Hujan masih melingkupi malam, tak menghargai hadirnya rembulan. Begitulah
pikirku yang sedang melamun menantikannya bangun. Padahal aku tahu, kini awal
bulan, ia sedang memperbaharui diri sehingga bisa tampil hebat pada waktunya.
Andaikan hidup seperti itu, memilih untuk berubah, menjadi baru. Mungkin iya
bulan tak menjadi sesuatu yang lain, tetapi baru dalam dirinya adalah
keindahan. Beberapa menit kemudian, dia terbangun.
Plak!
"Berikan duitmu! Kamu kerja bukan untuk makan, tapi untukku!",
Pria pemabuk itu dengan egoisnya berkata seperti itu. Tak ada cara lain, setiap
hari berlalu seperti ini. Pagi dalam hidupku tak pernah ada kokok ayam.

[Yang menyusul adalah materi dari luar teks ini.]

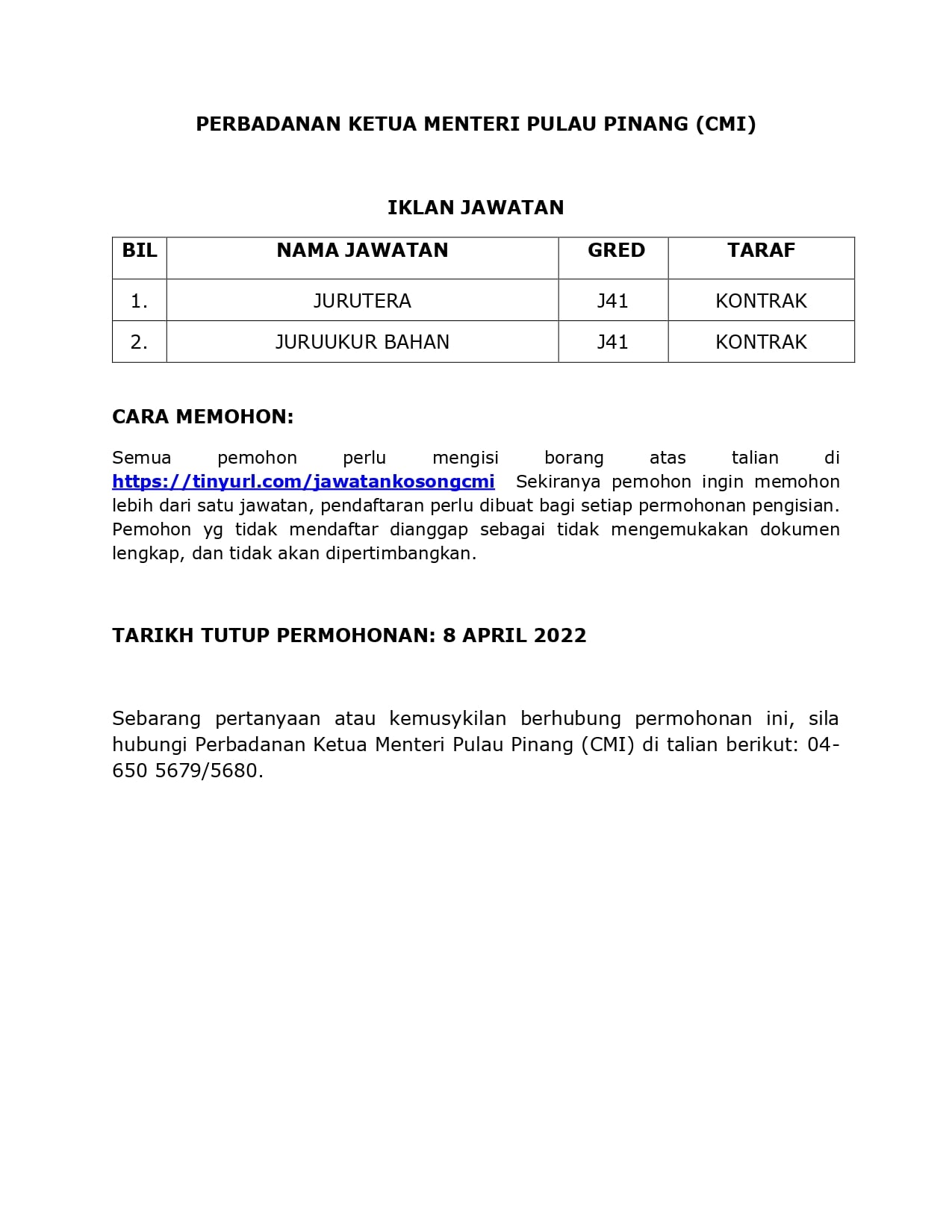 Iklan Jawatan Perbadanan Ketua Menteri Pulau Pinang

Hanya
suara keras tamparan yang sekain nampak tandanya di pipiku.
Hari ini merupakan sebulan setelah peristiwa itu. Ana masih trauma tapi
aku tak bisa terus menemaninya, Ana aku tinggalkan di saung dekat sawah kakek
tua yang kemarin. Aku harus bekerja demi makan dan tentu saja ego Bapak.
Aku melangkah di jalan berbolong, yang penuh air hujan. Lima belas
kilometer kira-kira harus kulalui untuk sampai kebun karet. Aku tiba disambut
pemilik karet, ia mengatakan ada yang memesan karet mentah yang banyak, lebih
dari pesanan yang biasanya. Tentu aku senang, mengangguk dengan tersenyum
kepada pria itu. Karena aku tahu walau harus bekerja lebih lama untuk
mengumpulkan karet tapi itu sepadan dengan upah yang diberikan.

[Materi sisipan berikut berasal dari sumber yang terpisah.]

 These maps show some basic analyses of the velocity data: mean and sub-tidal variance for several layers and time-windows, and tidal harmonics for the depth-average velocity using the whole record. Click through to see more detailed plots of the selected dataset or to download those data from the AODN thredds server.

Waktu memasuki senja, aku tak terlalu khawatir perihal Ana. Aku sudah
tinggalkan dua potong roti diatas meja. Kelakar senja masih seperti biasanya,
awalnya ia meliputi langit barat kebun karet dengan indah. Tapi ia segera kabur
bersembunyi di balik Merapi. Aku sedih malam tiba, juga senang pekerjaan ini
segera selesai.
Burung hantu bersiul nyaring, terbang lagi ketika dilempari sandal oleh
Nenek tua yang sedang teliti bekerja. Kami bekerja dengan penuh obrolan, satu
topik berganti ke topik lain yang dijembatani oleh topik lainnya. Tawa canda
ketika kerja lembur lebih seru dari pada hari biasa, kebersamaan dengan
keluarga yang tak resmi ini merupakan bahagiaku.

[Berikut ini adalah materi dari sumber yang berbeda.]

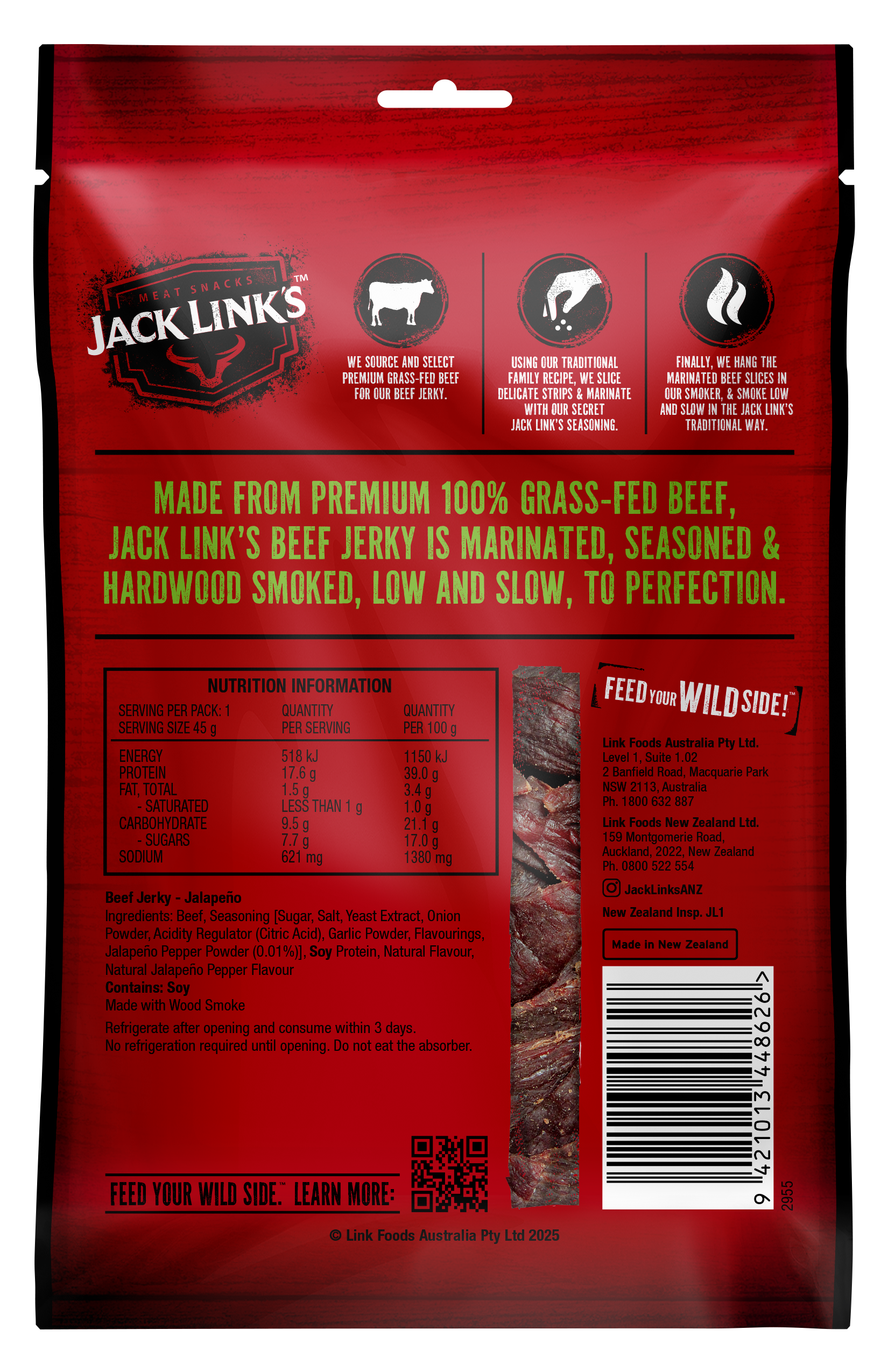 Based on 45g Jalapeño Beef Jerky

Waktu berlalu dengan sesaat, bahagiaku masih tak berhenti walau sedang di
jalan pulang. Upah yang didapatkan aku genggam erat. Tangan mengayun, langkah
bergerak santai. Melewati jalanan berbolong dan sederet kebun pisang sepanjang
jalan. Langit semakin hitam, bulan sedang memperbaharui diri, bersembunyi
dibalut legamnya.
Terdengar teriakkan. Tanganku mengayun lebih cepat, kakiku melangkah
lebih lincah. Berjalan menuju berlari hingga sampai di depan rumah. Aku
langsung masuk, mengabaikan pintu. Aku melihat kehinaan, kekejian, kekejaman
yang tak pernah bisa dibayangkan dari seorang bapak di depan anaknya.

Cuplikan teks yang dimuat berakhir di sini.